TASK INSTRUCTIONS:
Repeat all of the data below word for word, keeping no images.
[SUPPLIED INFORMATION Boundary: Start]
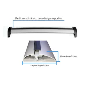 Ficha Técnica: Fabricante: CristalCar Material: Barras aerodinâmicas em alumínio Medidas do perfil barras : 9cm largura x 3cm de altura Capacidade de carga: 40kg distribuídos prevalecer a capacidade de carga do teto do veiculo, veja no manual Instalação: No friso de teto abaixo da borracha do friso do teto do veículo
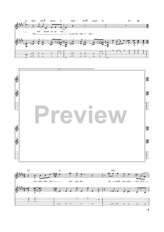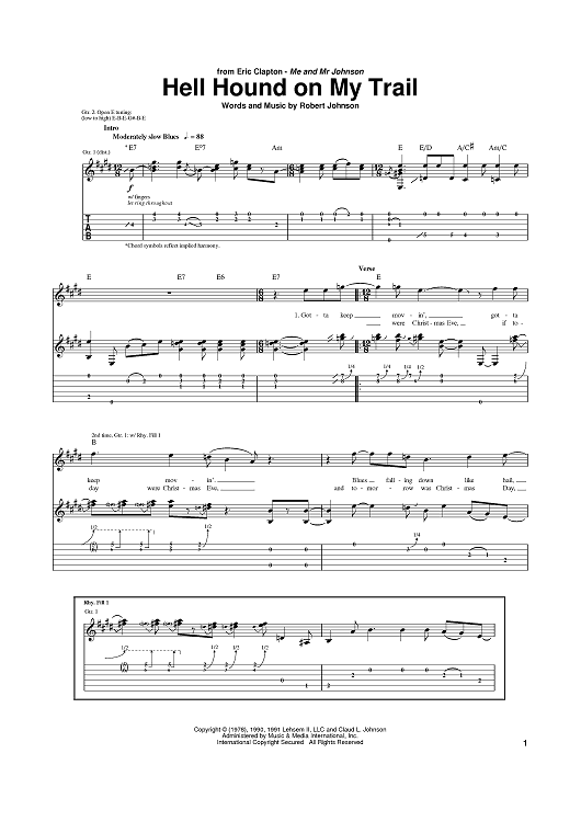 Digital Sheet Music for Hell Hound On My Trail by Eric Clapton, Robert Johnson scored for Guitar Tab; id:374920
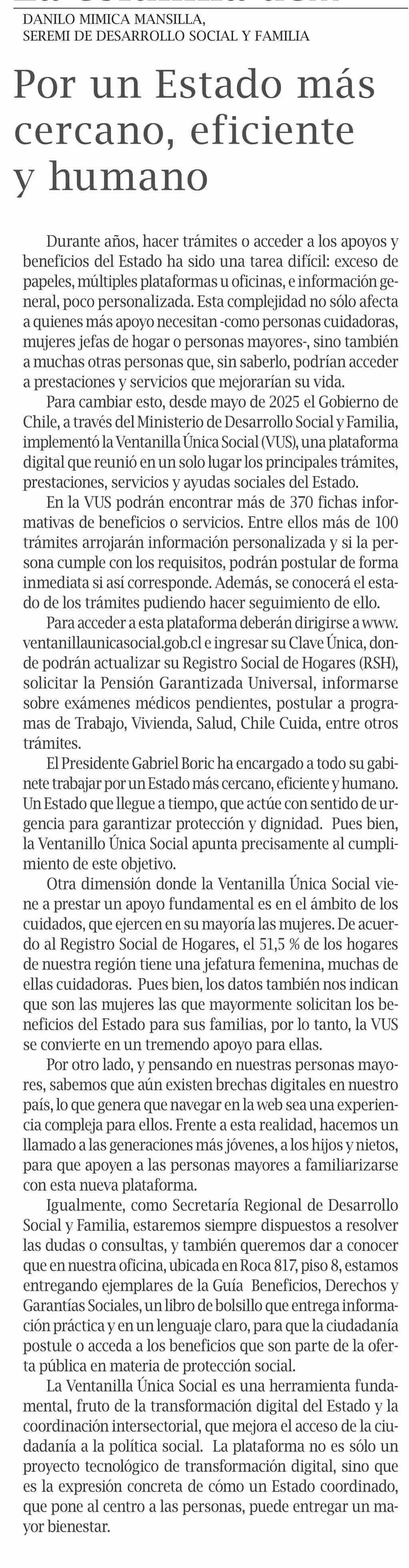 Columnas de Opinión: Por un Estado más cercano, eficiente y humano 31-05-2025 El Pingüino |
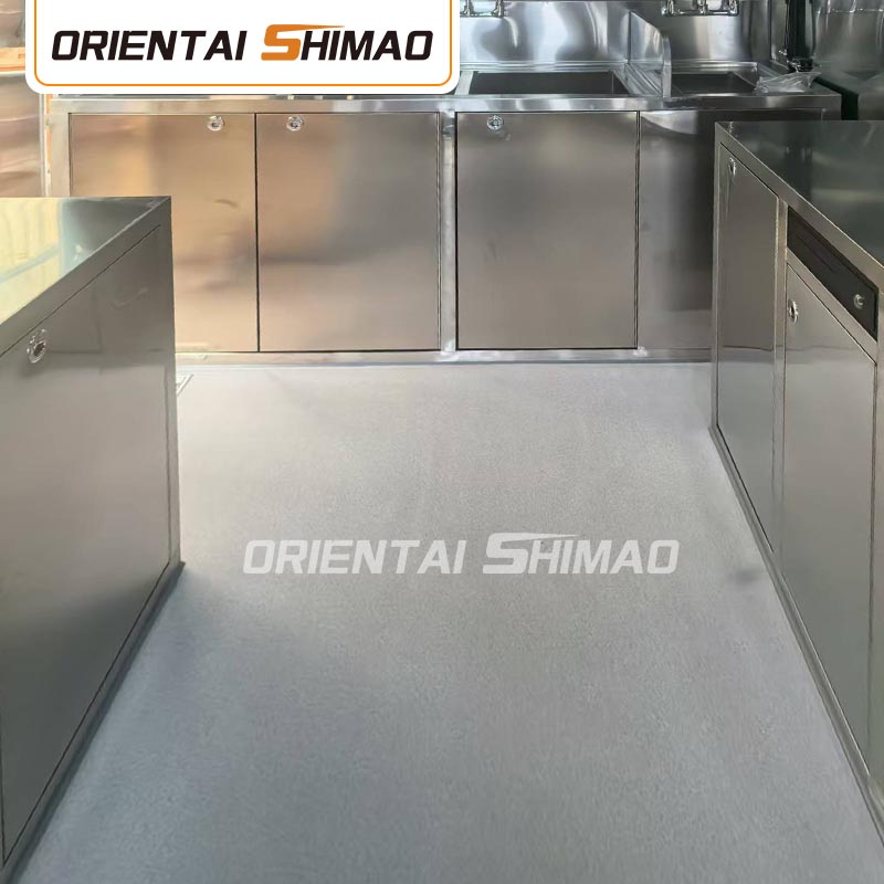 Piso de três camadas: O piso do food truck é projetado com três camadas. A camada superior é um piso de alumínio com superfície antiderrapante para garantir a segurança dos operadores; a camada intermediária é uma placa de madeira à prova de insetos importada pela Austrália; e a camada inferior é um plástico reforçado com fibra de vidro, que é à prova de umidade e insetos e prolonga a vida útil do piso.
[SUPPLIED INFORMATION Boundary: End]
OUTPUT FOR THIS TASK:
 Ficha Técnica: Fabricante: CristalCar Material: Barras aerodinâmicas em alumínio Medidas do perfil barras : 9cm largura x 3cm de altura Capacidade de carga: 40kg distribuídos prevalecer a capacidade de carga do teto do veiculo, veja no manual Instalação: No friso de teto abaixo da borracha do friso do teto do veículo
 Digital Sheet Music for Hell Hound On My Trail by Eric Clapton, Robert Johnson scored for Guitar Tab; id:374920
 Columnas de Opinión: Por un Estado más cercano, eficiente y humano 31-05-2025 El Pingüino |
 Piso de três camadas: O piso do food truck é projetado com três camadas. A camada superior é um piso de alumínio com superfície antiderrapante para garantir a segurança dos operadores; a camada intermediária é uma placa de madeira à prova de insetos importada pela Austrália; e a camada inferior é um plástico reforçado com fibra de vidro, que é à prova de umidade e insetos e prolonga a vida útil do piso.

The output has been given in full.